Please always respond to all, so that it goes to the mailing list too,
not just to me directly. I'll respond to the list this time, but it
makes the thread harder to follow.

On 1/4/25 12:11, Jan Kort wrote:
> Hi Tomas,
>
> You are right that without the index it does produce the correct result
> (0 records), but how do I uncorrupt the index? I tried the following:
>
> * Dropping and recreating the 2 indexes in the explain
> * Dropping and recreating all indexes on the the 2 tables
> * Vacuum analyze advies_type
> * Vacuum analyze advies_hoofd
>
> But it still produces the wrong result (1 record)
>

To "uncorrupt" the index is to rebuild/reindex it.

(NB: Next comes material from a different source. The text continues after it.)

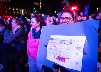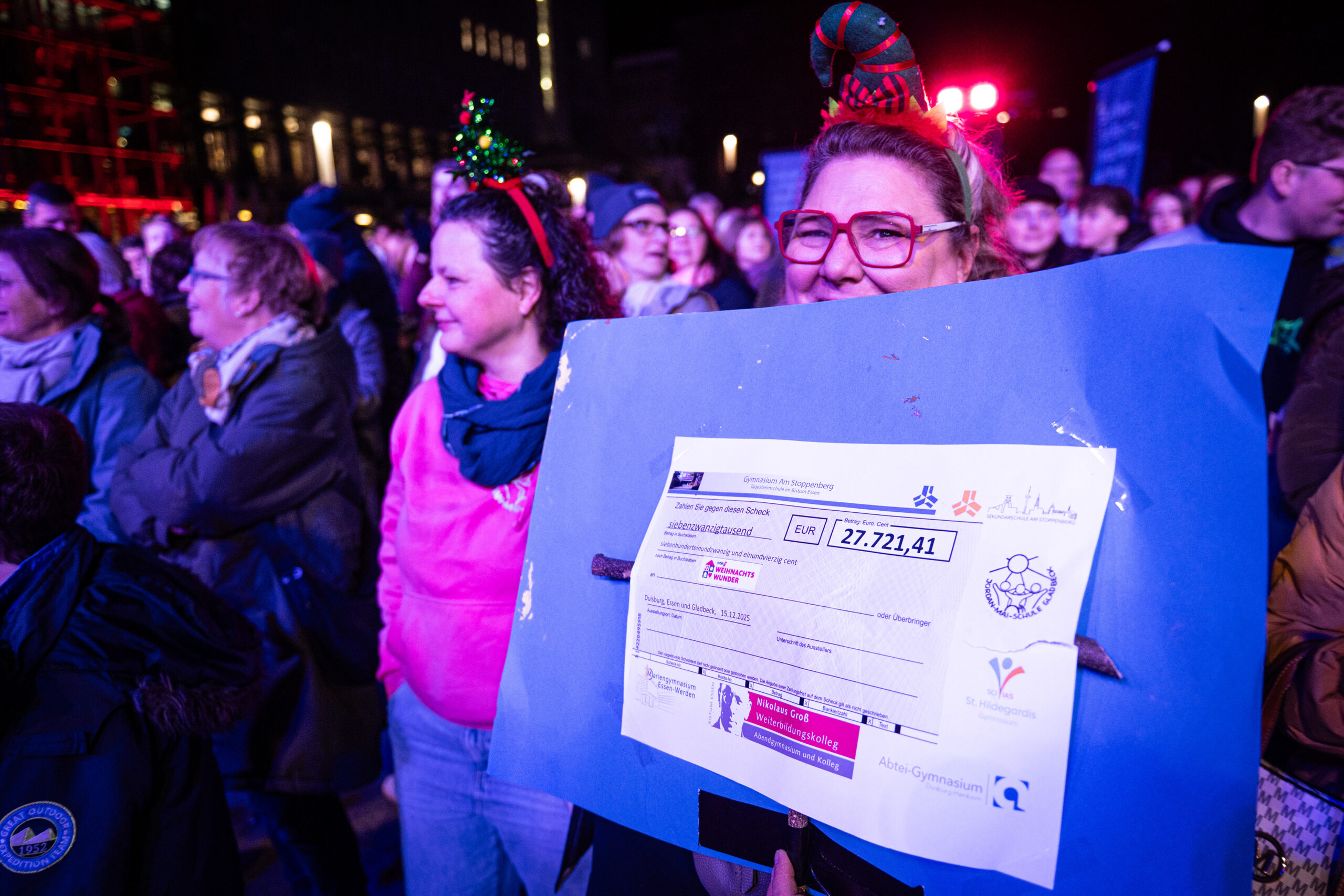 „Das ist Wahnsinn, was sind die denn schon so wach?“, jubelt Moderatorin Sabine Heinrich, als sie die volle Bühne und die bereits zu dieser Stunde dicht gefüllten Reihen vor ihrem Studio sieht. Zusammen mit den Jugendlichen Fenja und Jo berichtet Andreas Busch, Co-Leiter der Gladbecker Jordan-Mai-Schule, dass die sieben Schulen in Essen, Duisburg und Gladbeck schon seit dem Spätsommer planen, mit vielen kleinen Einzelaktionen an den Schulen Spenden zu sammeln und diese dann gemeinsam mit einem kreativen Event zu übergeben. So gab es Cafés bei Elternsprechtagen und Tagen der offenen Tür, Punsch- und Brezel-Verkäufe bei Martinszügen – und Jo erzählt von einer „Icebucket-Challenge“, bei der man gegen Eintrittsgeld jemandem zuschauen konnte, wie der sich einen Eimer Eiswasser über den Kopf schüttet. Insgesamt sind durch diese vielen Aktionen 27.721,41 Euro an Spenden zusammengekommen – ein Betrag, der Moderatorin Heinrich neben dem frühmorgendlichen Engagement der Kinder und Jugendlichen zu Tränen rührt. Mit der bereits gestern von Bischof Franz-Josef Overbeck und Peter Güllmann, Vorstandssprecher der Bank im Bistum Essen (BiB) überreichten Spende steigt das Gesamtspendenvolumen von Bistum und BiB damit auf 105.536,51 Euro.

But you already did
that and it didn't help, so it seems more like a bug in Postgres than a
data corruption.

> The explain of the query on the malfunctioning database is:
>
> HashSetOp Except (cost=0.14..29.91 rows=9 width=364)
> -> Append (cost=0.14..29.13 rows=24 width=364)
> -> Subquery Scan on "*SELECT* 1" (cost=0.14..26.62 rows=9
> width=149)
> -> Index Scan using advies_typeo12 on advies_type
> (cost=0.14..26.53 rows=9 width=145)
> Index Cond: ((conditional)::text = 'N'::text)
> Filter: ((owners_id = ANY ('{1,32,25}'::integer[]))
> AND (NOT (SubPlan 1)))
> SubPlan 1
> -> Index Scan using advies_hoofdo16 on
> advies_hoofd advies_hoofd_1 (cost=0.15..2.37 rows=1 width=4)
> Index Cond: (advies_type = advies_type.id
> <http://advies_type.id>)
> Filter: (owners_id = ANY
> ('{1,32,25}'::integer[]))
> -> Subquery Scan on "*SELECT* 2" (cost=1.86..2.39 rows=15
> width=149)
> -> Merge Right Anti Join (cost=1.86..2.24 rows=15
width=145)
> Merge Cond: (advies_hoofd.advies_type =
> advies_type_1.id <http://advies_type_1.id>)
> -> Index Scan using advies_hoofdo16 on advies_hoofd
> (cost=0.15..18.01 rows=293 width=4)
> Filter: (owners_id = ANY
('{1,32,25}'::integer[]))
> -> Sort (cost=1.72..1.76 rows=18 width=145)
> Sort Key: advies_type_1.id <http://
> advies_type_1.id>
> -> Seq Scan on advies_type advies_type_1
> (cost=0.00..1.34 rows=18 width=145)
> Filter: (((conditional)::text =
> 'N'::text) AND (owners_id = ANY ('{1,32,25}'::integer[])))
>
> On the working database it says:
>
> HashSetOp Except (cost=0.00..17.03 rows=9 width=364)
> -> Append (cost=0.00..16.19 rows=26 width=364)
> -> Subquery Scan on "*SELECT* 1" (cost=0.00..13.20 rows=9
> width=149)
> -> Seq Scan on advies_type (cost=0.00..13.11 rows=9
> width=145)
> Filter: (((conditional)::text = 'N'::text) AND
> (owners_id = ANY ('{1,32,25}'::integer[])) AND (NOT (SubPlan 1)))
> SubPlan 1
> -> Seq Scan on advies_hoofd advies_hoofd_1
> (cost=0.00..1.11 rows=1 width=4)
> Filter: ((advies_type = advies_type.id
> <http://advies_type.id>) AND (owners_id = ANY ('{1,32,25}'::integer[])))
> -> Subquery Scan on "*SELECT* 2" (cost=1.57..2.85 rows=17
> width=149)
> -> Hash Right Anti Join (cost=1.57..2.68 rows=17
width=145)
> Hash Cond: (advies_hoofd.advies_type =
> advies_type_1.id <http://advies_type_1.id>)
> -> Seq Scan on advies_hoofd (cost=0.00..1.10
> rows=7 width=4)
> Filter: (owners_id = ANY
('{1,32,25}'::integer[]))
> -> Hash (cost=1.34..1.34 rows=18 width=145)
> -> Seq Scan on advies_type advies_type_1
> (cost=0.00..1.34 rows=18 width=145)
> Filter: (((conditional)::text =
> 'N'::text) AND (owners_id = ANY ('{1,32,25}'::integer[])))
>
> So they are quite different, that gave me an idea why my local database
> wasn't malfunctioning. I inserted 500 dummy records into advies_hoofd
> (without a reference to advies_type).
>
Right. And the "broken" query used an index scan, while the working one
does not. So that's another hint it's some thinko in using the index.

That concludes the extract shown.